British naval surgeon and entomologist. Born in Penzance, Cornwall, Pascoe trained in medicine at St. Bartholomew's Hospital in London. He went on to become a naval surgeon, serving in Australia, the West Indies and the Mediterranean, and later travelled to make entomological collections.
After marrying Mary Glasson in the early 1840s Pascoe left the navy and settled on land at Trewhiddle near St. Austell. Mary owned land leased to a china clay company and the couple were well off. They had four children, but Pascoe was left a widower in 1851 and moved to London, sharing their upbringing with his mother-in-law. He gained a reputation as an entomologist (though his first scientific paper was in the Botanical Gazette in 1850), travelling to North Africa, South America and Europe on collecting expeditions, sometimes accompanied by his daughters, and also gathering plant material. He mostly worked with collections of insects made by others, however, as his own were not terribly good. He listed insect species collected by Alfred Russel Wallace, P. Bouchard and Robert Templeton, for example.

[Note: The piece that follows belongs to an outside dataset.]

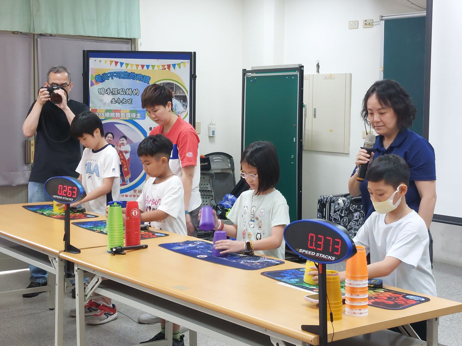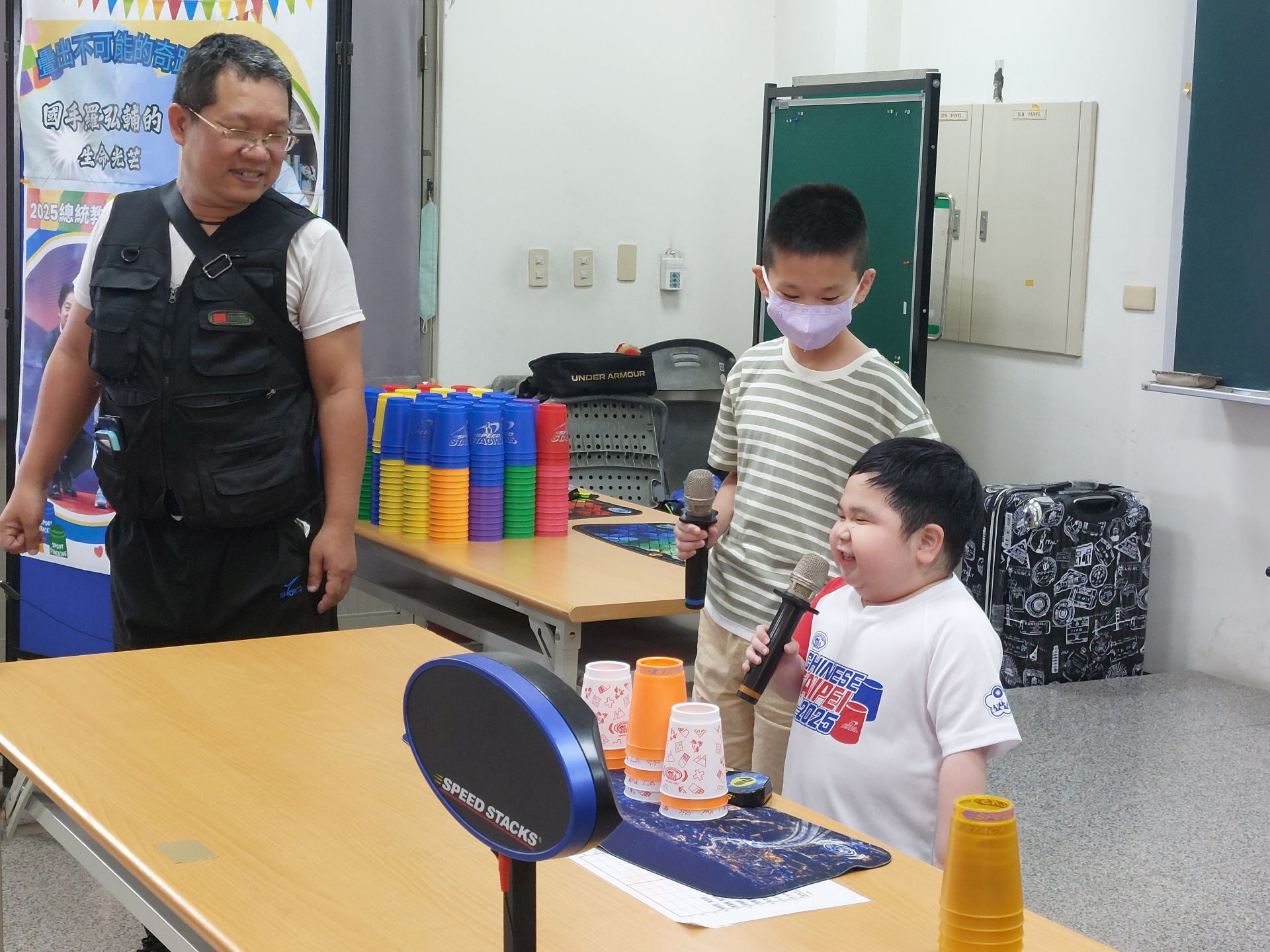 活動也在孩子心中留下深刻印象。二年級學生楊同學表示:「羅弘輔哥哥得到罕見疾病,肌肉會流失,但他沒有放棄喜歡的疊杯運動,我覺得很不簡單。」邱同學則說:「每個人厲害的地方都不一樣,我以前踢足球不太會,但打羽球學得很快,我喜歡那種速度感,也很有成就感。」值得一提的是,活動結束後回到教室,二年級的洪同學主動拿起班上的「快手疊杯」練習,展現高度興趣與行動力,顯見一顆種子已悄然在孩子心中萌芽。

Pascoe was a Fellow of the Entomological Society and of the Linnean Society (from 1852). A correspondent of Charles Darwin, he supported the theory of evolution, but did not believe in natural selection. Pascoe spent his later years in Sussex, at Tunbridge Wells and Brighton. His entomological collections were passed to the Natural History Museum in London, while his botanical specimens have been dispersed to many herbaria.